January 13th, 2012· Autoruns v11.21: This update to Autoruns fixes a number of minor bugs, including one that could result in a crash when certain scheduled tasks are configured.
· Coreinfo v3.03: Coreinfo, a command-line utility that dumps information about a system’s CPU topology and capabilities, now reports the presence of TSC (timestamp counter) Invariant support.
· Portmon v3.03: Portmon, a utility for monitoring serial and parallel port traffic, includes some minor bug fixes and user-interface consistency updates.
· Process Explorer v15.12: This update to Process Explorer makes the search dialog asynchronous and reports the types of found items. It also fixes several bugs, including showing a small font when run after an older version, a bug in the restart-process functionality, working set columns not showing data, and again shows information about service processes when run from an unprivileged user account.
December 17th, 2011· Process Explorer v15.11: This minor update fixes several bugs, including the fleeting appearance of garbage characters in the status bar.
December 6th, 2011· Autoruns v11.2: This update fixes a bug in the jump-to-folder function when executed on disabled items and correctly locates print monitor DLLs when they are stored in print monitor-specific system director
· Disk Usage (DU) v1.4: This update to Du, a command line utility for analyzing the disk space consumed by directories, adds a CSV output option, accounts for the file system cluster size in its on-disk size calculations, and includes alternate data streams.

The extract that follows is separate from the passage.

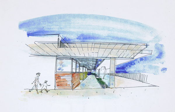 Por razones funcionales ubica la zona de aulas, servicios y tutoría a continuación de las existentes. De esta manera completamos la fachada al Paseo con una unidad funcional y formal, evitando la reproducción mimética del edificio de en Sert en la fachada Norte y tratándola de manera que priorice el acceso principal por ella.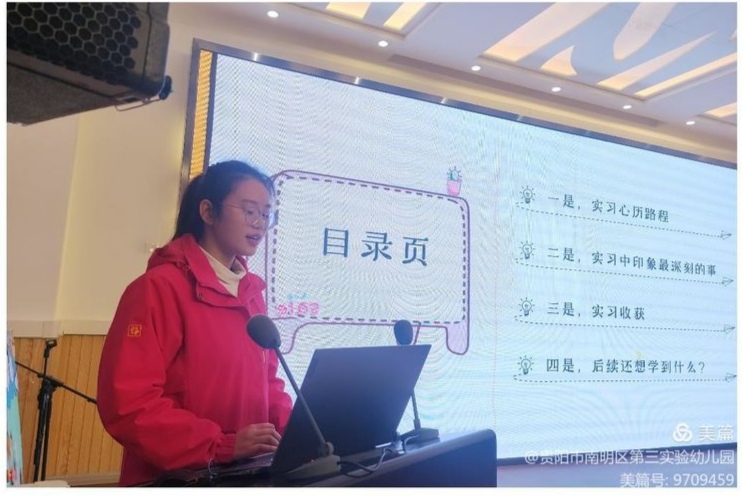 最后,园长何丽表示希望实习生能够储备更多的知识与力量勇往直前,能够守住初心,做一名有温度、有爱的幼儿教师。贵州千亿qy88国际官网入口的三名教师也在汇报会上发言。老师们纷纷表示实习生在这一学期中成长很快,希望实习生能够继续保持认真、自信、踏实的本心,同时也感谢幼儿园对实习学生的包容与悉心栽培,用心、用爱、用情为实习生搭建了理论和实践的桥梁,并表达了我校今后进一步加强与实习单位合作的意愿。

· Process Explorer v15.1: This update of Process Explorer, a Task Manager replacement, adds support for new Windows 8 features by giving the processes hosting immersive applications a distinct highlight color, shows immersive application package names in process tooltips and as a new process view column, lists AppContainer and capability SIDs in the process security properties, and updates the GPU support to be compatible with Windows 8. Other enhancements include GPU memory counters with more descriptive labels, display of the logon session ID on the security properties, and reporting of suspended processes as suspended in the CPU usage column.

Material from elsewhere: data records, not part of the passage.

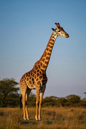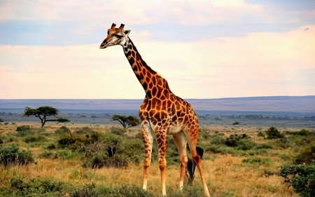The elegant giraffe standing in the savannah, looking at sunset generated by artificial intelligence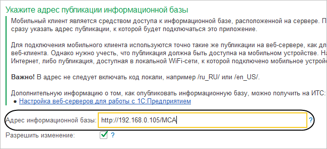На странице Информационные базы укажите адрес, по которому вы публиковали информационную базу на веб-сервере (например, http://192.168.0.105/MCA). В данном случае адрес публикации указан в формате: http://<IP-адрес компьютера в беспроводной сети>/<Каталог веб-сервера, на котором опубликована информационная база>.
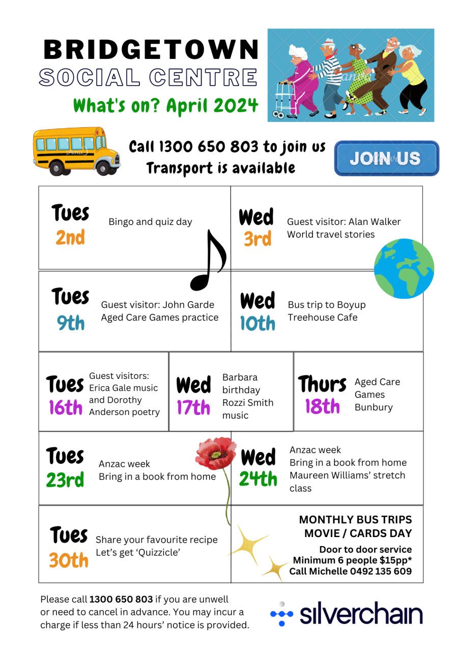 We are always welcoming new Bridgetown Social Centre club members, as well as new Greenbushes and Boyup Brook groups. We have a bus and staff available for ongoing day trips as well as centre based day sessions. We would like to hear your feedback about what residents in surrounding communities would like, in terms of group social support (card days, movie days) and outings (art trail festival, BBQ’s, museums, café’s)

· Strings v2.42: This Strings release fixes a bug that would result in a crash when the –n or -b options are specified without a file name
November 11th, 2011· Autoruns v11.1: This update to Autoruns adds several new autostart locations, reports the active filter in the status bar, and highlights unsigned images and those with no company name or description to make them easy to spot.
· AccessChk v5.02: This AccessChk release includes improved error messages, reports registry key delete permission, and includes a manifest.
· Coreinfo v3.02: This minor update to Coreinfo, a command-line tool that reports supported CPU features and topology, includes Microsoft’s SLAT term for Intel’s Extended Page Table and AMD’s Nested Paging virtualization features.
September 21st, 2011· Autoruns v11: This update to Autoruns, a GUI and command-line tool that lists executables configured to run when you boot, logon or run common applications, adds a “jump to folder” command and several additional autostart locations. The command-line version, Autorunsc, adds a new switch to show file hashes and an option to display the autostart entries for all user accounts registered on a system.
· Coreinfo v3.01: This update to Coreinfo, a command-line utility that shows processor features and topology, fixes a bug in the way it reports hyper-threading and gives a warning when showing virtualization features and a hypervisor is running.
· ProcDump v4.01: This release of ProcDump, a tool for capturing process memory dumps, adds a context record for 1st chance exception dumps so that registers and the call stack of the faulting thread are captured.
· Process Explorer v15.05: This update fixes a bug in cycle CPU usage calculation on Windows 7.
September 2nd, 2011Coreinfo 3.0:
· Coreinfo is a command-line utility that reports detailed information about processor cores and topology, including cache sizes, core-to-socket mappings and NUMA memory latencies. It now shows the processor features supported by the system's processors. For example, Coreinfo will show if the processor supports hardware-assisted virtualization and advanced virtualization features like Second Level Address Translation.
DebugView v4.77:
· This update to DebugView, a graphic debug output monitor useful for application and device driver development, adds a command-line switch to enable or disable kernel-mode capture, a switch to enable millisecond clock display, and a number of bug fixes.
SDelete v1.6:
· SDelete, a command-line utility for securely deleting files and zeroing volume free space, fixes a bug that prevented it from accessing some files on 64-bit Windows and swaps the zero-free-space and clean-free-space arguments to make them more intuitive.
· Process Explorer v15.04: This release fixes several minor bugs, including a tooltip display bug and one that could result in a miscalculation of CPU usage on Windows 7 in the refresh immediately following the termination of a CPU-intensive process.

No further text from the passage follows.